Prompt –
From the listing that follows, reproduce only the lines from the one holding "Слайд 4Музыкально-дидактические игры" through the one holding "Пульт дистанционного управления", both included, with no pictures.

Material for this exercise –
----
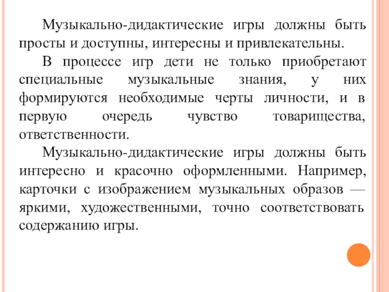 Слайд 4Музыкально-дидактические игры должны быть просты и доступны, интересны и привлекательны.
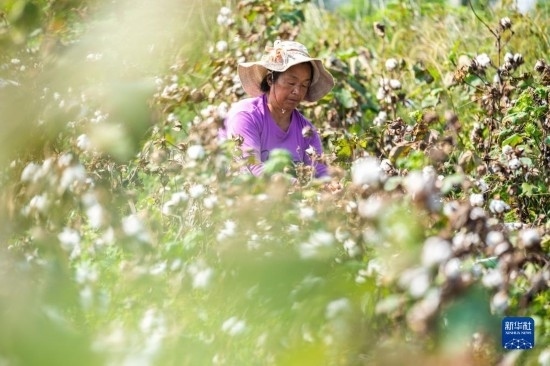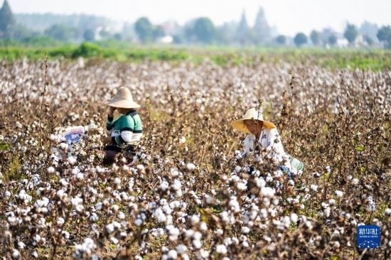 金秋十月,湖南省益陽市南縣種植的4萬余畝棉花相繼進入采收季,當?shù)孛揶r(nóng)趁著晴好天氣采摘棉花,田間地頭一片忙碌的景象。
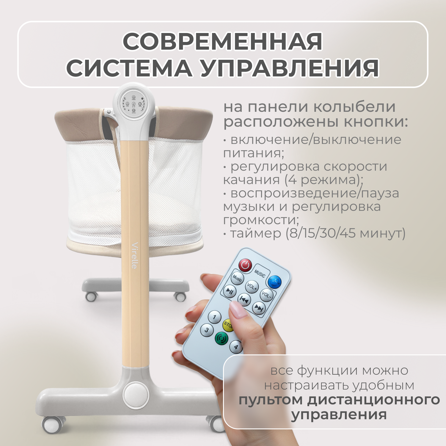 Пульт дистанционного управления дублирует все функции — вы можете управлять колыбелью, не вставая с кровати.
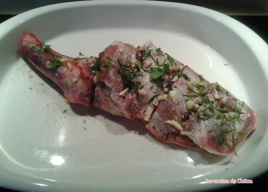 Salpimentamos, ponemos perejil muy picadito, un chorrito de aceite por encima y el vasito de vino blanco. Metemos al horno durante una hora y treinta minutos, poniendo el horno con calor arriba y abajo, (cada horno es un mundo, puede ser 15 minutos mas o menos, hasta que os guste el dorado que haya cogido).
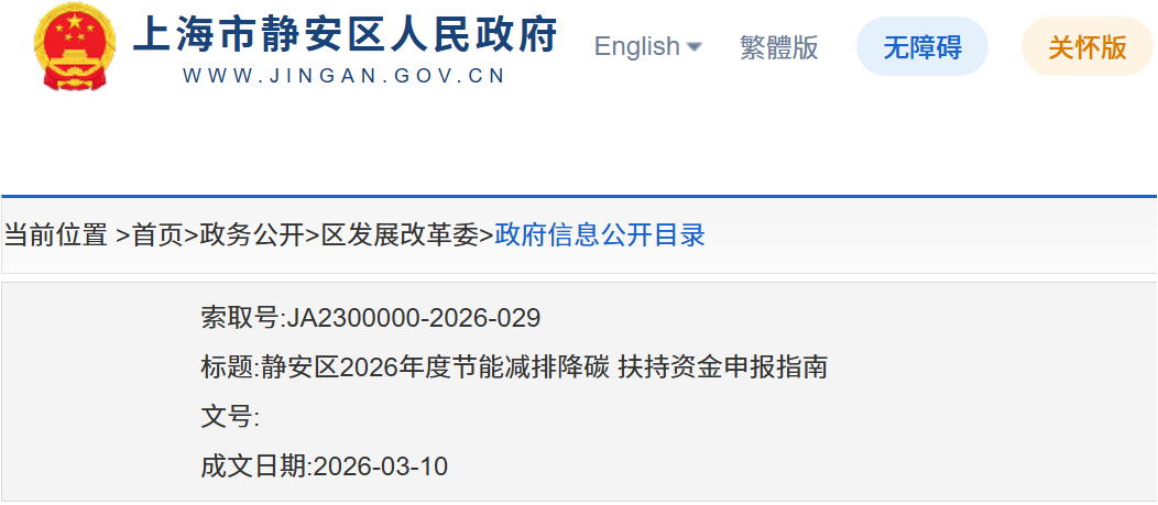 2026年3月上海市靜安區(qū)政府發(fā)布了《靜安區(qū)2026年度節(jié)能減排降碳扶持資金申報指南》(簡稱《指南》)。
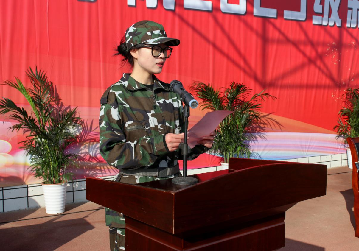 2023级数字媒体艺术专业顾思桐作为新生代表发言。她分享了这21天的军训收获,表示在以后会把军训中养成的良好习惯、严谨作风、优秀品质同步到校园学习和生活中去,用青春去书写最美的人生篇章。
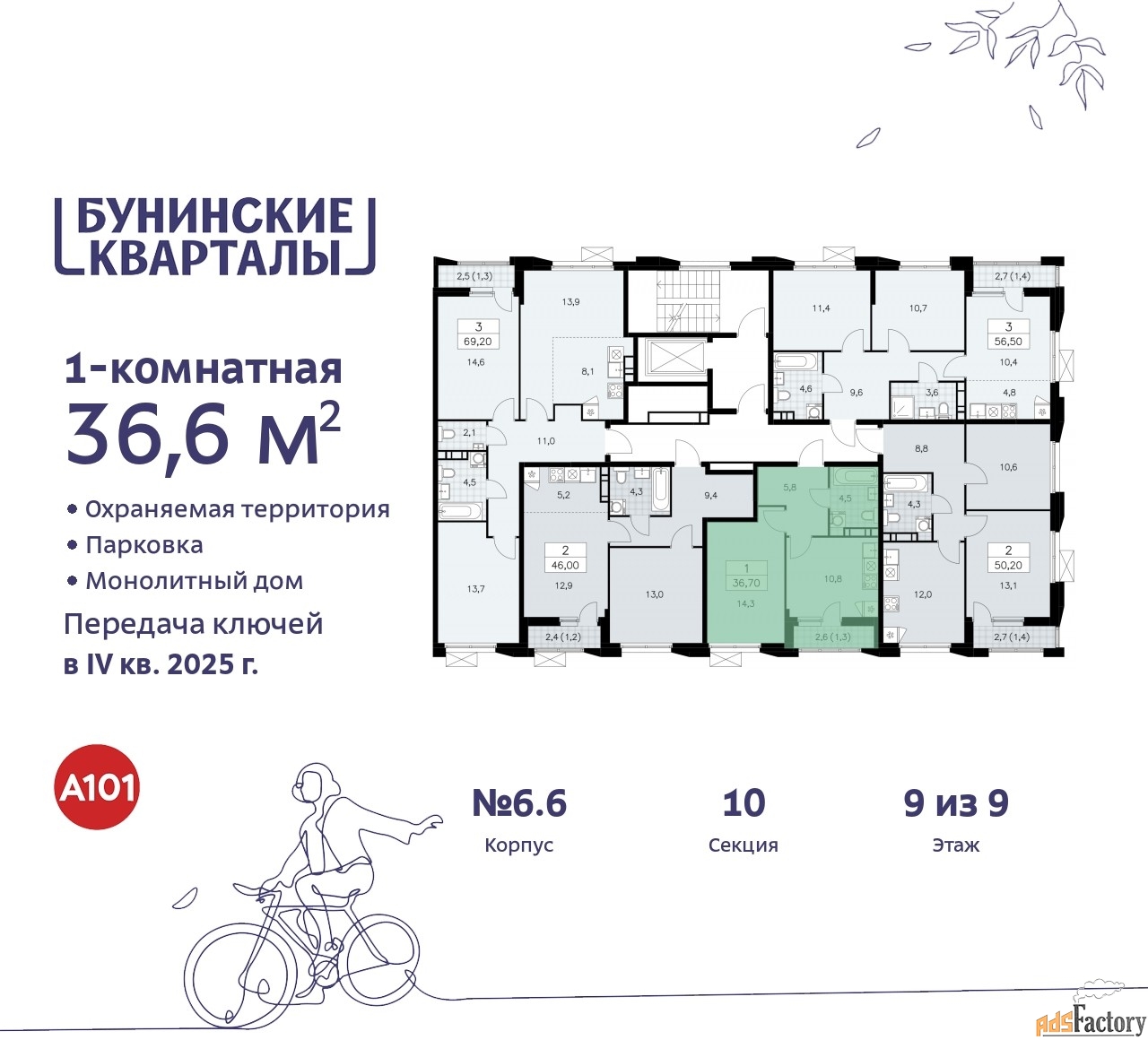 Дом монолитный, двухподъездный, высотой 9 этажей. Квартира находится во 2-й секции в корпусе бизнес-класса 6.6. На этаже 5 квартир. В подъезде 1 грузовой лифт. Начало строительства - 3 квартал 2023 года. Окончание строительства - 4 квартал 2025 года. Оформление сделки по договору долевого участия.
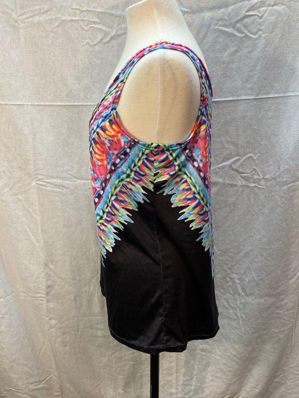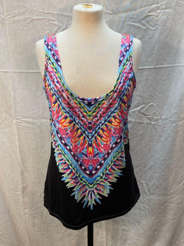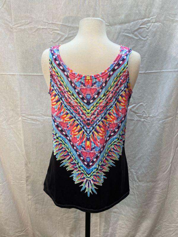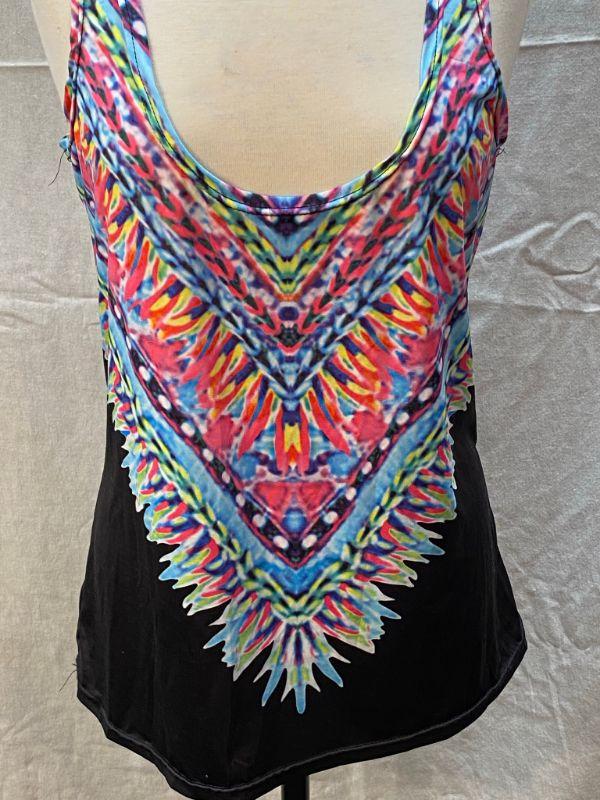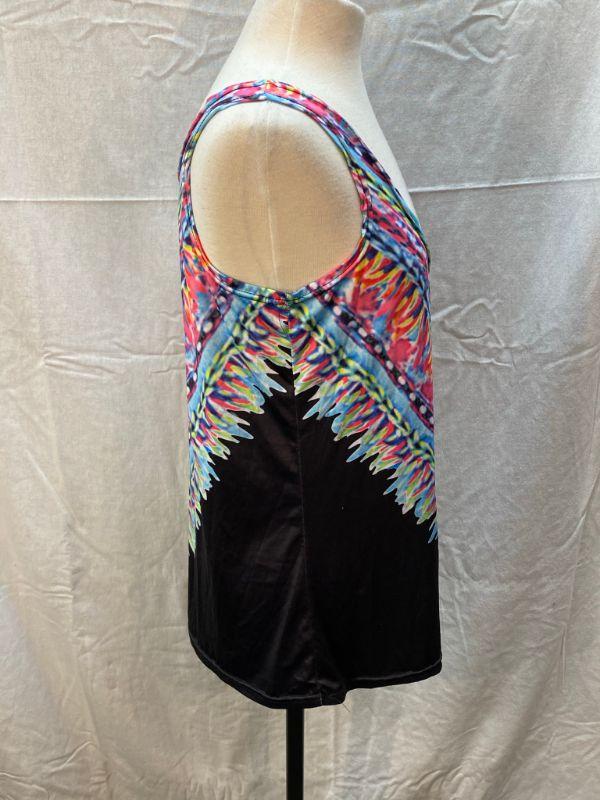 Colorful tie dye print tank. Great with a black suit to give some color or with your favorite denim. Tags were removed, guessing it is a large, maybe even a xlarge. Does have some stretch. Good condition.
----
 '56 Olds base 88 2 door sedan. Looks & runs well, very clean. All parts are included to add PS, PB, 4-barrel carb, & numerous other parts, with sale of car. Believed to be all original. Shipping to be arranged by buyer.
----
Answer to this exercise –
 Слайд 4Музыкально-дидактические игры должны быть просты и доступны, интересны и привлекательны.
 金秋十月,湖南省益陽市南縣種植的4萬余畝棉花相繼進入采收季,當?shù)孛揶r(nóng)趁著晴好天氣采摘棉花,田間地頭一片忙碌的景象。
 Пульт дистанционного управления дублирует все функции — вы можете управлять колыбелью, не вставая с кровати.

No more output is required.